The pound fell 0.49 per cent against the dollar to 1.5526 on the news, sliding 0.24 per cent against the euro to 1.4273.
Rates at the Bank of England have been kept at 0.5 per cent since March 2009, and the monetary policy committee has been unanimous in voting to keep them there since December.
But rate-setter Ian McCafferty broke rank yesterday as the MPC voted eight to one not to raise interest rates.
McCafferty saw a risk of inflation over shooting the two per cent target in future, and argued that postponing the first hike might mean having to increase it more sharply later on.
There are hints that other members could soon follow suit, with some saying easier credit conditions, higher consumer confidence and strong pay growth creating a risk that inflation could overshoot the Bank’s forecast.

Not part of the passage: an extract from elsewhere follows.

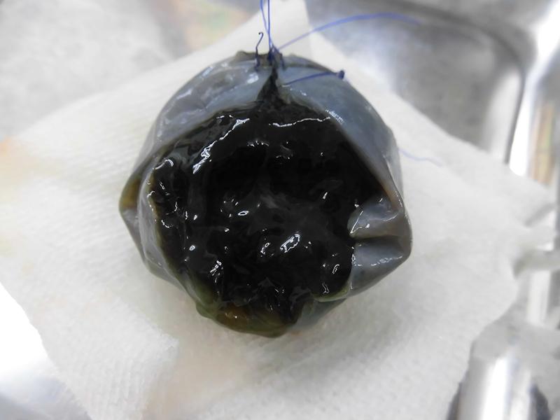 | 手術経過 | 胆嚢の病理検査の結果“壊死性胆嚢炎”という診断検査でした。これは胆嚢壁が粘液を異常に産生することにより、胆嚢が著しく腫大し、胆嚢周囲への血流が阻害されたことによるものと考えられています。放置しておくと、胆嚢破裂を起こし、胆汁性腹膜炎で死亡していたかもしれません。胆汁検査の結果、胆汁中に細菌感染はなく、肝生検の結果も特に異常なしとのことでした。術後、とても元気になり、食欲も出てきたとのことでした。 |

Recent falls in commodity prices mean the Bank currently expects lower inflation in the near-term than in its May last forecast, according to its August Inflation Report. But it still expects inflation to return to target in two years’ time, the same as its previous prediction.
In a mandatory letter to chancellor George Osborne, Bank governor Mark Carney said he expected near-zero inflation rates to continue for the next few months, but that they “are unlikely to endure beyond this year.”
Most members of the committee wanted to wait and see how productivity, wage growth, and risks to the global economy evolved over the coming months. They were more cautious after the pound continued to strengthen and commodity prices dropped. A strong pound makes imports cheaper and weighs on inflation.
It was more upbeat on economic growth in Eurozone and US, but expressed concern over events in China which has slowed notably this year.
The outlook for the UK economy was also strong, with business investment and consumer spending forecast to grow more quickly than previously, offsetting chancellor George Osborne’s austerity measures.